Nine days later, Lincoln travelled to Fulham for the final game of the Division Three campaign. “We had to win to go up, and they had to draw to go up,” he says. “The score was 1-1, and we had about 20 minutes to get a goal for promotion, having been reduced to ten men.
“We had balls kicked off the line, their goalie making brilliant saves, everything except a goal, and it ended in a draw. We should have gone up, but we didn’t have the money to spend to help a small squad, and that squad then began to break up.”
Neale knew that his chance of higher level football had gone in the process.
“I’d like to think I could have played at a higher level, although to do so I’d have had to give up cricket. At that stage, a higher division club would have made you make the choice. There were rumours, at one stage, just after Graham Taylor left, that Derby County were interested, but I got injured playing cricket and that was that.”
Neale left Lincoln after the 1984-85 season that ended with the tragedy of the Bradford fire.
He had returned to Worcestershire just beforehand and actually scored a century against the touring Australians at New Road on the fateful day.
Afterwards, Neale found out that Steve Collins, the left-back who had played in his place at Valley Parade, had broken his leg during the first half, causing a long stoppage.

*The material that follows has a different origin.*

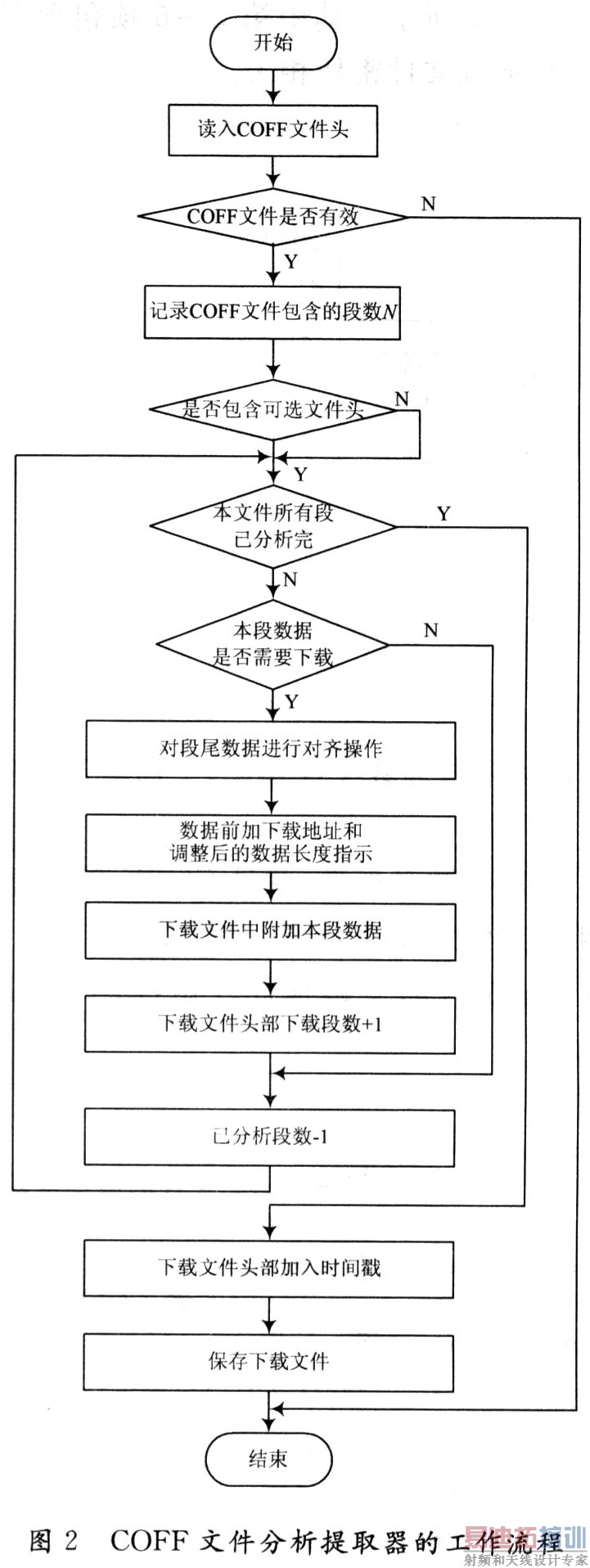 首先读入目标文件,该文件扩展名为out,以二进制形式读入。分析.out文件的文件头以确定有多少个段,然后逐段分析段信息头,根据段属性标识以确定是否需要下载,段头中的绝对地址、段数据长度等信息作为升级文件的一部分。与需下载的段数据合并成最终的下载文件,为了适应自动化升级的需要,下载文件头部还保留了COFF文件的时戳。值得注意的是因为TMS320C6000 DSP为32位处理器,需要对段落头中段数据长度信息进行32位整型对齐,在此采用Ceil对齐——不足的字节以O补齐。具体流程如图2所示。

“Otherwise,” says Neale, “the players would have been in the dressing room underneath the stand at half-time when the fire went up.”
Neale recently reconnected with Lincoln City after getting to know the Cowley brothers, who masterminded the club’s revival.
“Everything I’d read about Danny and Nicky echoed the way that Graham Taylor had taken Lincoln forward by making the club a big part of the community, and the Cowleys let me sit in on team meetings, video presentations, go up to training with them, and so on,” he says.
“Most of the players didn’t know who I was, but they were a great bunch, and they were really good to me, the Cowley brothers.”
After spending an average of 250 days a year away from home with the England cricket team, often getting stick for his legendary sunbathing and, on one occasion, for pulling a hamstring on an Ashes morning at Trent Bridge as he pursued Alastair Cook in football practice, Neale has decided the time is right to call it a day and is looking forward to being at home with his family in the West Midlands and playing more golf.
It seems trite to say that he has witnessed enormous changes in football and cricket, but he does not like to compare, believes that each era throws up its own challenges and admires hugely the skills of the England players with whom he has worked.
Neale might even have played for England himself had his career not coincided with the days of Allan Lamb, David Gower, Mike Gatting, et al, and he just feels lucky to have had such a diverse career.
I shall always see him in my mind’s eye patrolling the Sincil Bank turf, and I remind him that I will never forget that magical 8-0 win against Northampton.
“I’ve got a good friend who always came up to stay with us, and he was at that game too,” he laughs. “He won’t forget it either.”